***** RECORDED INFORMATION
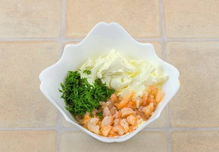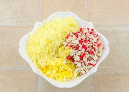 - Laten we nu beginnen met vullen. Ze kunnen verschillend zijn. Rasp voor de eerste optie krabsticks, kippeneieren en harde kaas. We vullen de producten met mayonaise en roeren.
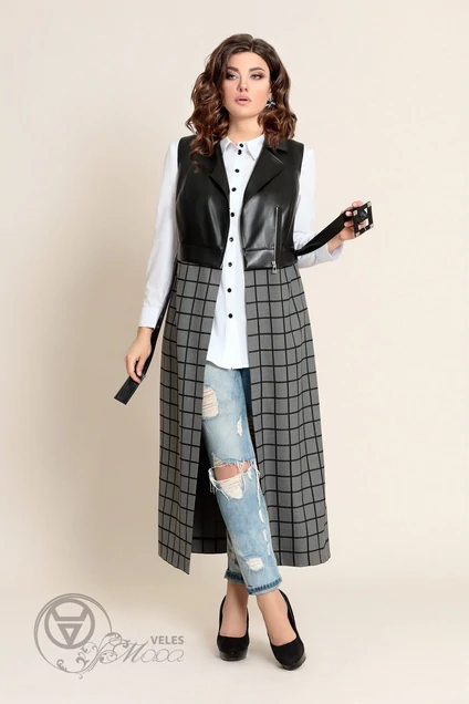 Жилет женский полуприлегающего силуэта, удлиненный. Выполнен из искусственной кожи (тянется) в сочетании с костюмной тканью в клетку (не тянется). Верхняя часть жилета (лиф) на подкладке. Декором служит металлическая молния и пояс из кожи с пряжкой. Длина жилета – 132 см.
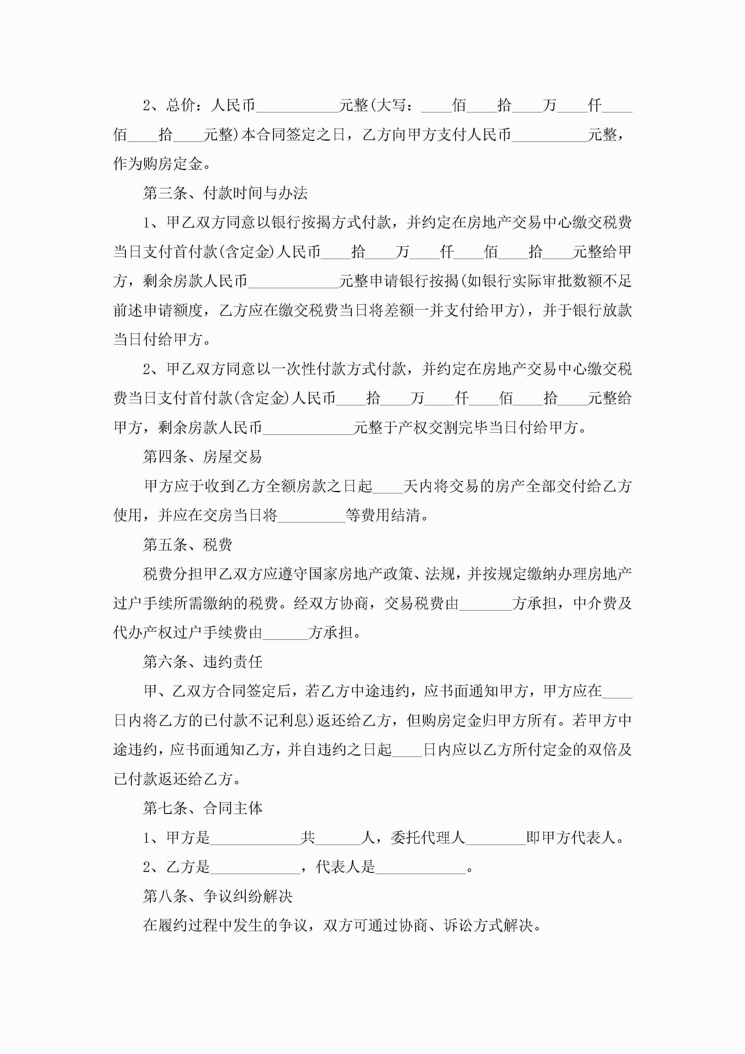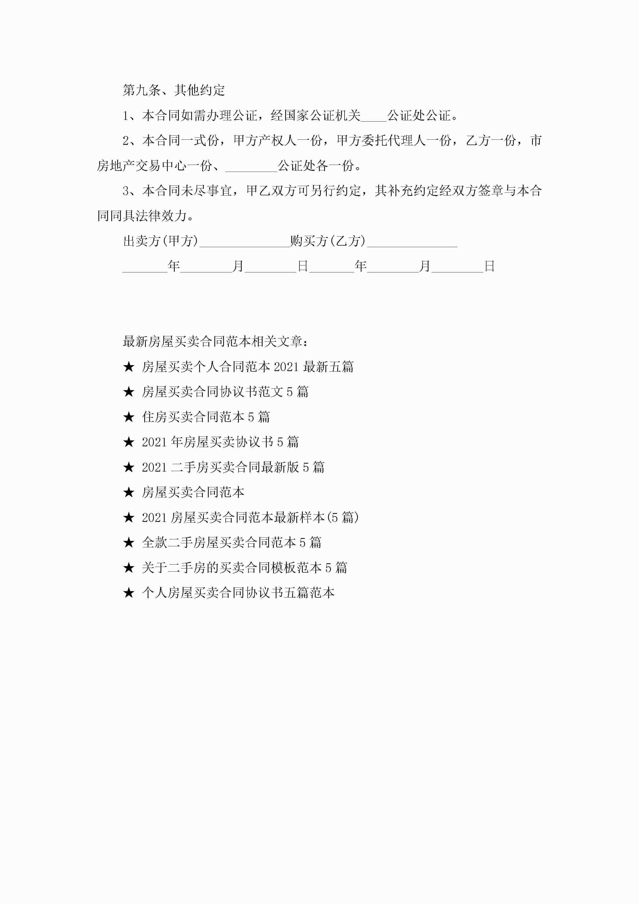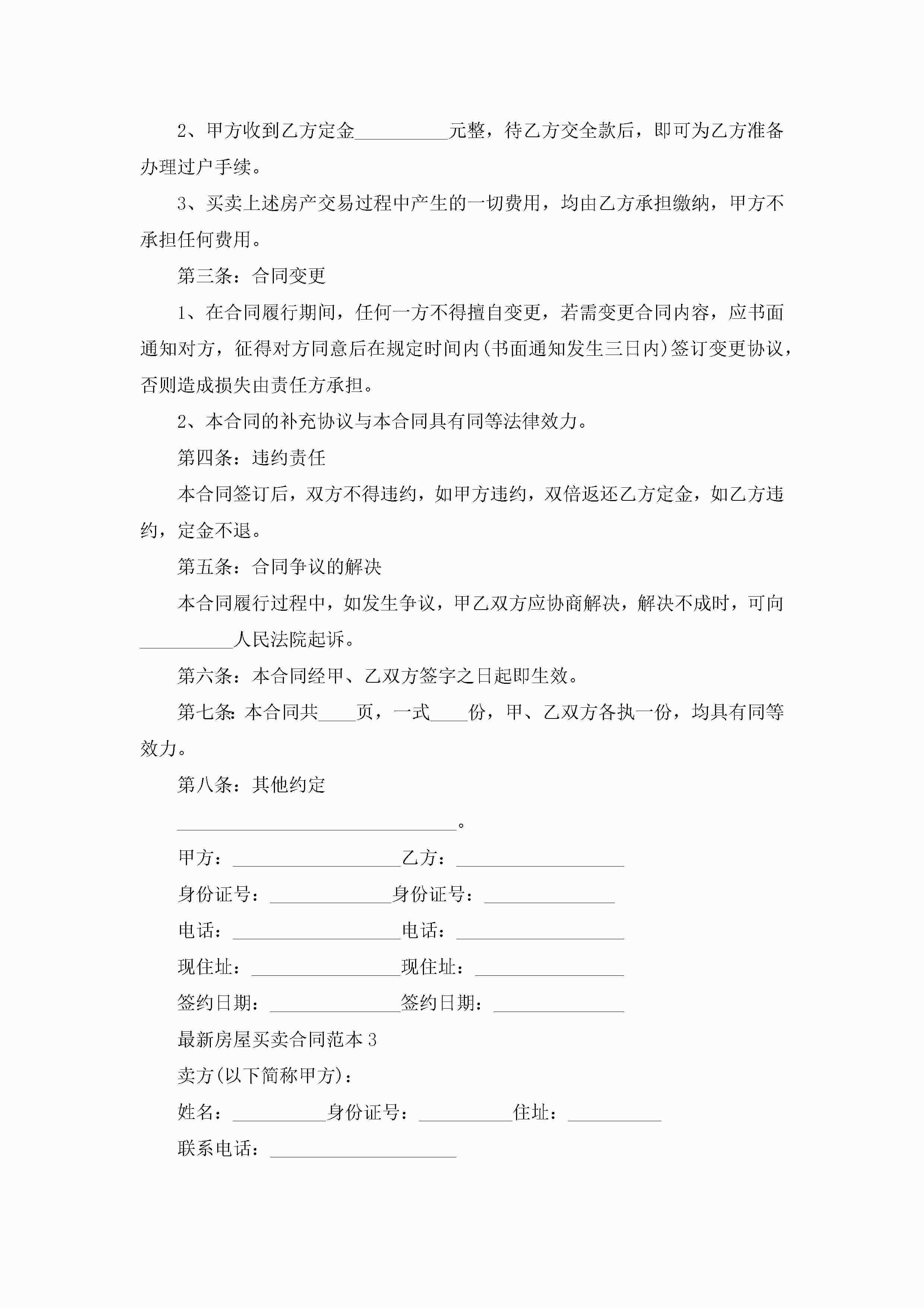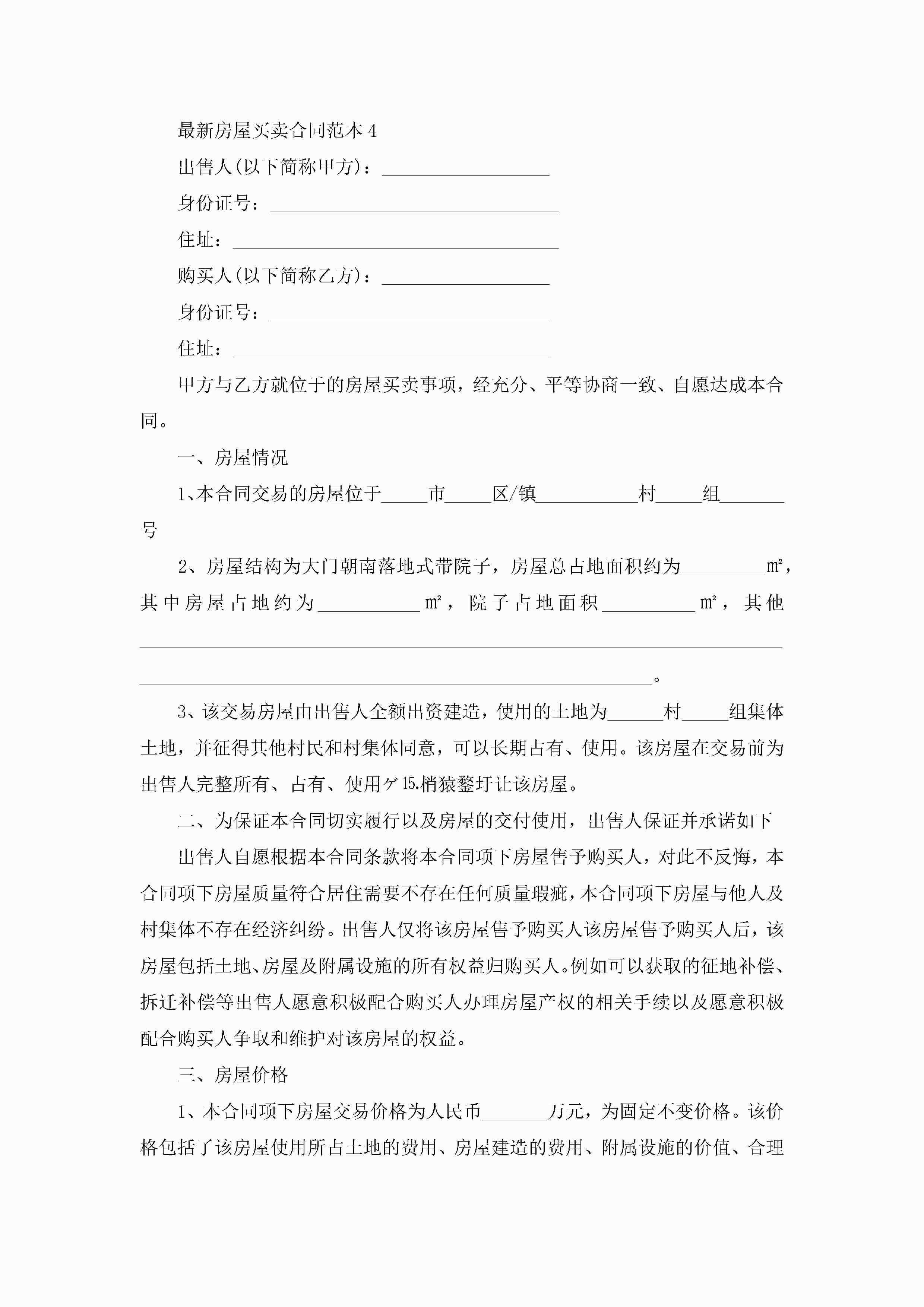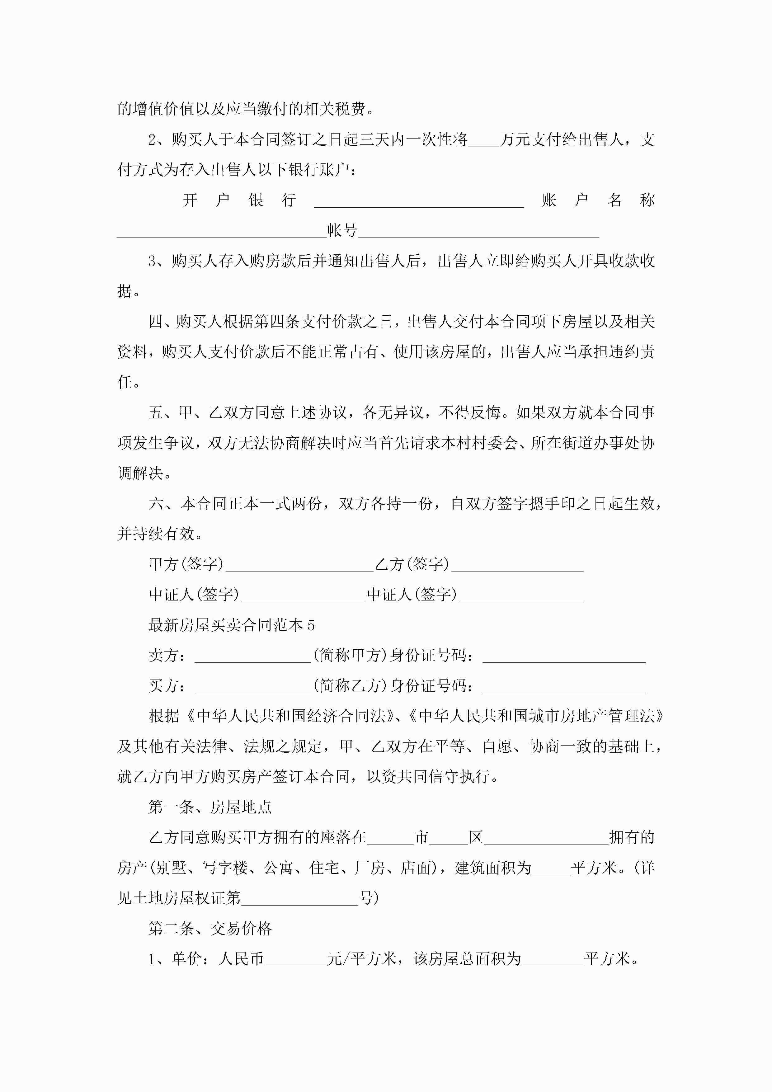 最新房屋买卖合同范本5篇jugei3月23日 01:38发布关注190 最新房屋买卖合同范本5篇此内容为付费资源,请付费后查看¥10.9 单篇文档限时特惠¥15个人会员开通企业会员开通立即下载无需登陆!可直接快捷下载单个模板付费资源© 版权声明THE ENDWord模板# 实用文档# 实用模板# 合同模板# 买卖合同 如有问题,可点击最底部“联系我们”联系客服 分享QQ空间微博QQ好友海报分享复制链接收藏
**********
#### ABOUT THIS EXERCISE:
Write out nothing but the lines from the start of the data through the line with "Жилет женский полуприлегающего". Leave out the pictures.

#### ANSWER SECTION:
 - Laten we nu beginnen met vullen. Ze kunnen verschillend zijn. Rasp voor de eerste optie krabsticks, kippeneieren en harde kaas. We vullen de producten met mayonaise en roeren.
 Жилет женский полуприлегающего силуэта, удлиненный. Выполнен из искусственной кожи (тянется) в сочетании с костюмной тканью в клетку (не тянется). Верхняя часть жилета (лиф) на подкладке. Декором служит металлическая молния и пояс из кожи с пряжкой. Длина жилета – 132 см.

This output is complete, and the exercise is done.